Wilson and Bjork are both currently taking Portuguese language classes provided by the government. However, Wilson admits that she hasn’t found learning a new language easy.

“Portuguese, the language is very hard,” says Wilson, explaining that she speaks Japanese and Spanish as well as “tourist German, Danish and French.”

“I’m really good at languages. But Portuguese is a challenge to learn.

“We don’t find it easy. We find it manageable. Some people, especially people our age, don’t find it manageable.”

The couple have also had to change the way that they approach people, particularly while asking for things at shops, after noticing that their direct manner wasn’t being received well.

“My Portuguese friends taught me that you have to first recognize their humanity,” says Wilson.

“And you do this by saying, ‘Good morning. How are you?’ And they say, ‘I’m well. Are you well?’ And once you’ve done that, it’s like a magic key that will open good service up to you.”

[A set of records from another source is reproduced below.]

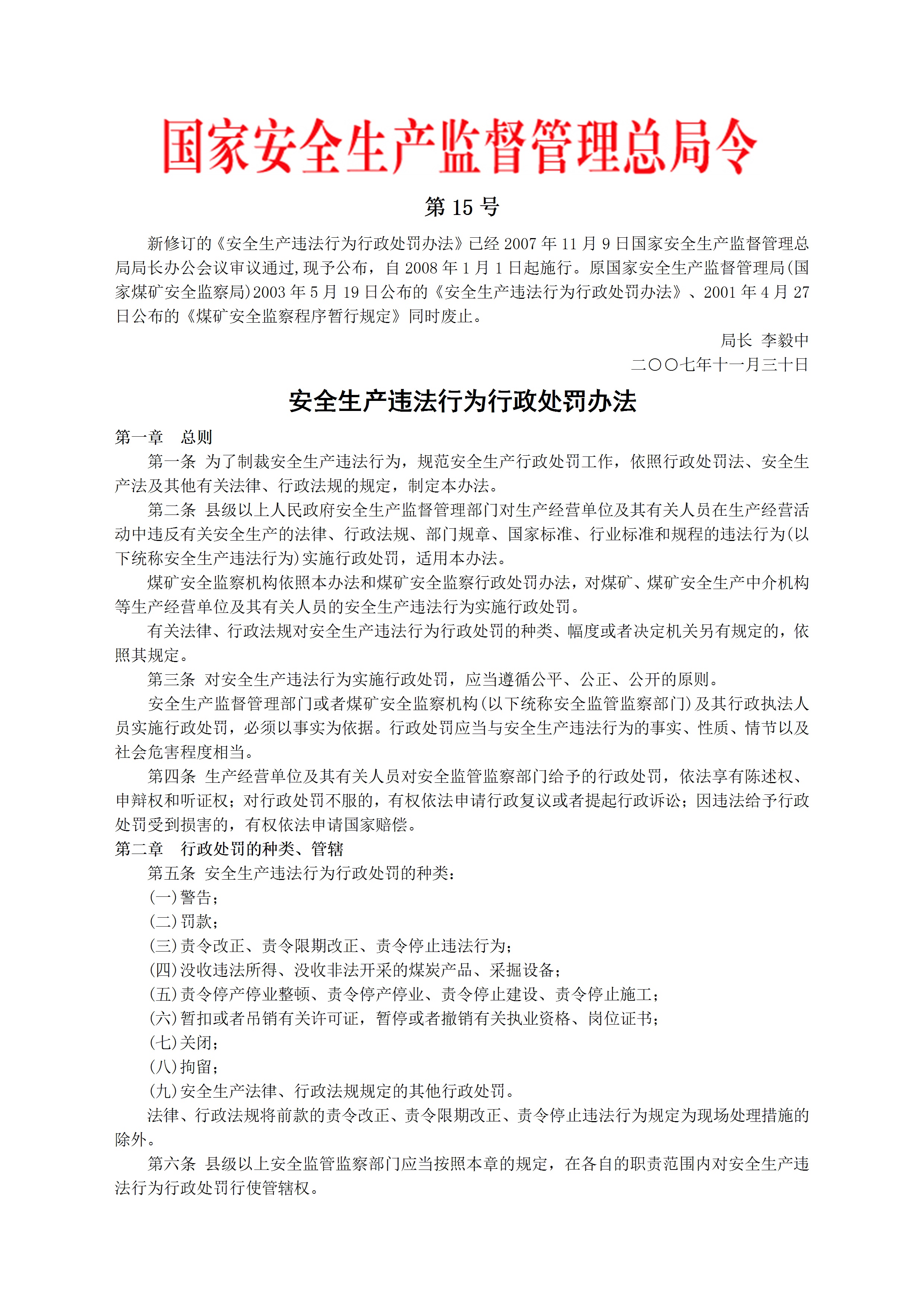 国家安监总局令2007第15号安全生产违法行为行政处罚办法安监总局令2015第77号修改[文档]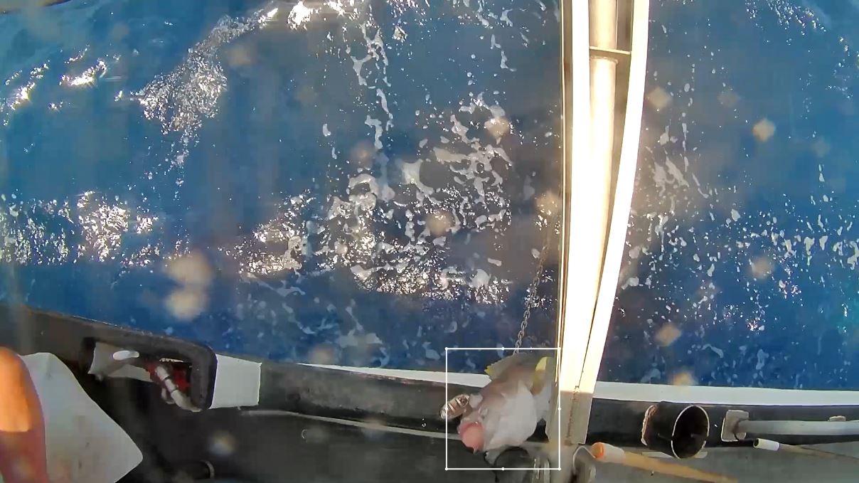A key innovation in our work is the use of artificial intelligence (AI). Over 40 hours of electronic monitoring footage containing thousands of captured species images were shared with CVision AI, Boston, MA to in develop cutting-edge artificial intelligence (AI) catch detection and classification algorithms. These AI tools are designed to accurately identify catch events, suggest the most likely species caught, and significantly reduce video review time and enhance overall efficiency. (Below: example of an AI algorithm tracking [note the box] a yellowedge grouper as it is hauled onboard a bottom longline vessel)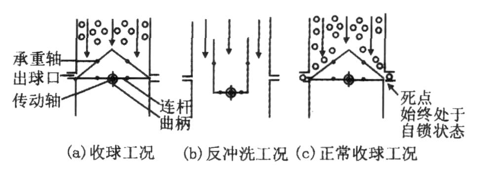 收球網與筒體密合力大,機構自鎖,可靠地實現了功能。傳動軸和承重軸分開,受力合理。采用鉸鏈四桿機構,在兩個極限位置時連桿與曲柄共線,為機構死點位置,機構自鎖,此時,不論加在網板上作用多大的力,則網板不會移動,可靠實現收球和清洗功能。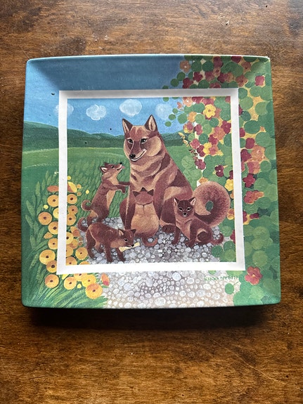 Kettukuvioinen neliömäinen koristekeramiikkalautanen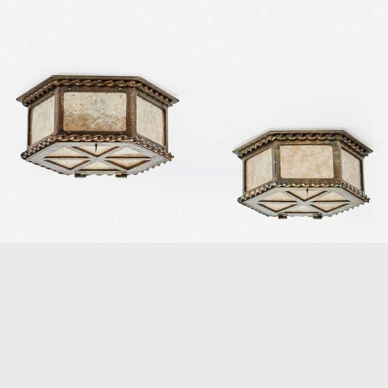 Samuel Yellin Metalworkers Pair of Wrought Iron and Mica Ceiling Lights, Philadelphia, PA, circa 1980s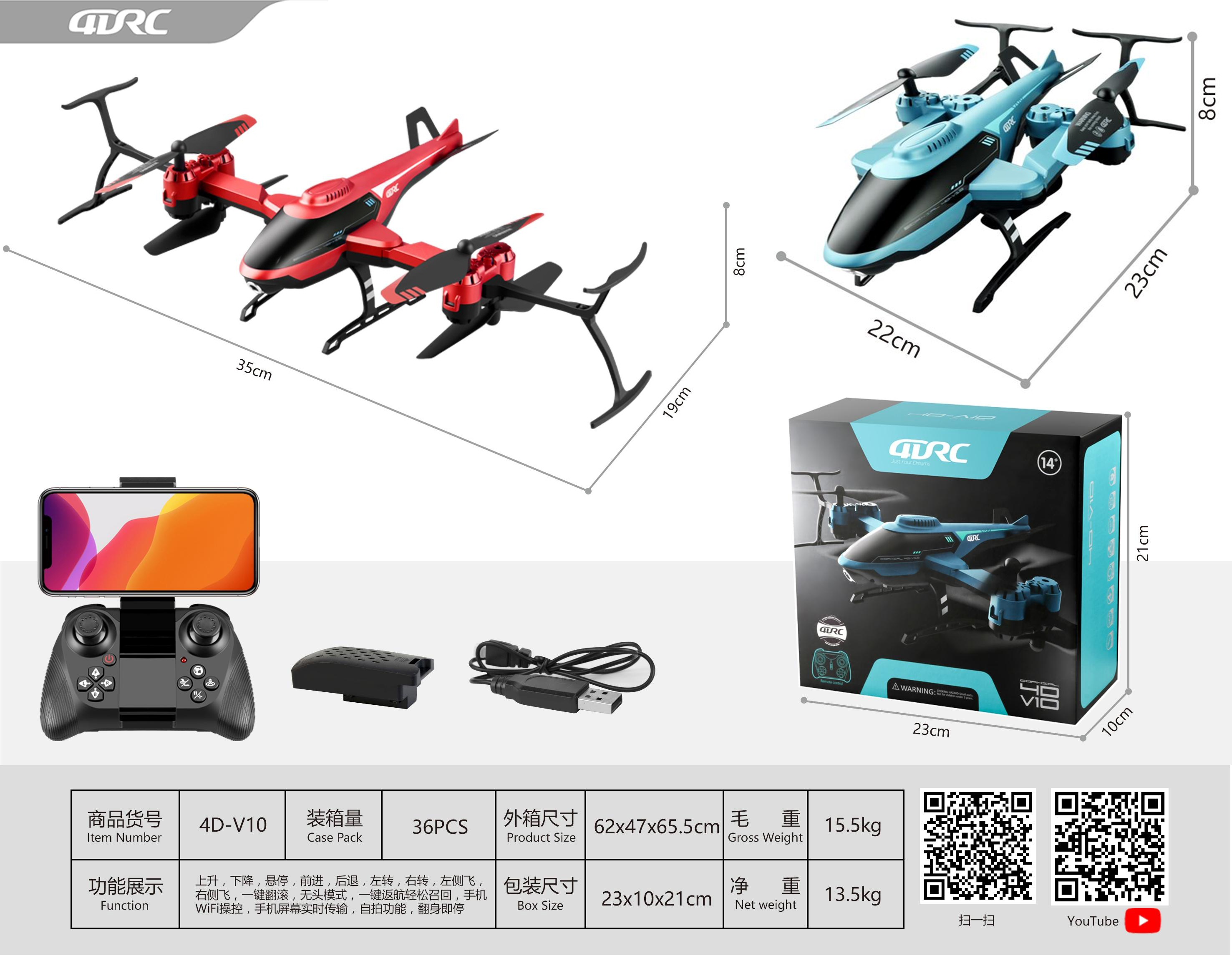 Function: One key take-off/landing, Forward/backward, Turn left/right, Left/right side-flying, Ascent/descent, Altitude hold, Auto hover/flip, Headless mode, Roll over to stop. (Only Available for Camera Option, WiFi camera with selfie, APP FPV real time transmission)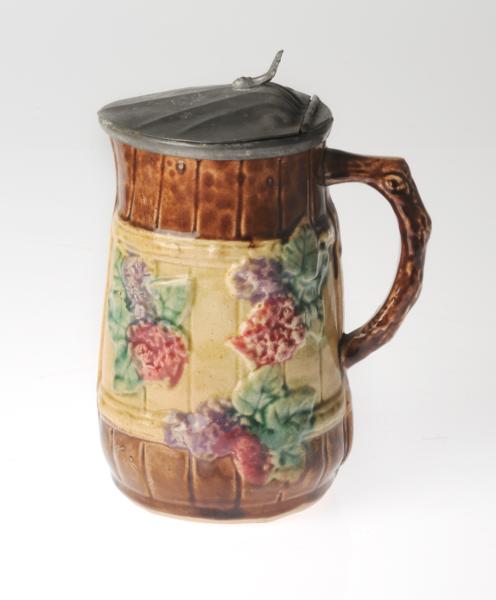 H 2374. Keramiktillbringare. Gul/brun med handtag. Utanpåliggande dekor i form av blommor, blad och vinrankor. Aluminiumlock. H 15,5 cm Diam 8,2 cm.

Wilson goes on to explain that she finds this attitude refreshing, as the focus is firmly on people and personal relationships.

“Their ethic is not job first, or money first,” she adds. “Their ethic is family and leisure…

“So that’s refreshing, to see people valuing relationships above the rat race. The rat died here. There’s no place for that.”

Wilson has warmly embraced the Portuguese way of life, particularly the focus on food, which has long been a big part of her life.

“The people eat together all the time,” she says. “Sunday is considered family day. So there’s a big family meal at everybody’s mom or dad’s house and everybody gathers together and eats.

“Portuguese women my age are always cooking. I’ve spent a lot of time with them learning Portuguese food.”

While Wilson and Bjork had originally planned to use Portugal as a “jumping off point” to travel around the rest of Europe, they’ve been too busy dealing with all of the tasks that come with relocating to a new country to venture very far.

“There’s a lot to it,” says Wilson. “From governmental stuff, getting your residency card. Then you have to transfer your driver’s license and find a car [if you drive].

“You have to buy everything [for your house]. And you have to set up yourself with medical and utilities. Really, it’s a huge process.”

When asked if she and her husband have found Portugal to be more affordable, Wilson points out that this is all relative to their own experiences, noting their Portuguese friends “push back a little” if they comment on how much cheaper things are, as it’s not necessarily cheap for them.

“We made that mistake,” she admits. “When we first came, we were like, ‘Oh it’s practically free.’ And we had to quit doing that, because it was offending them [their friends].”

She points out that what seems very affordable to them, may not be to affordable to a Portuguese worker earning minimum wage.

“A lot of people make minimum wage,” she adds. “So that being said… Yes. For Americans, it is cheaper to live here, if you don’t live in Lisbon, Porto or the Algarve.

“Those places are like trying to live in San Francisco or Manhattan. Those are expensive cities.

“So if you have your heart set on living in one of those places, you’re going to pay three times what we pay, probably. In rent, food, everything.”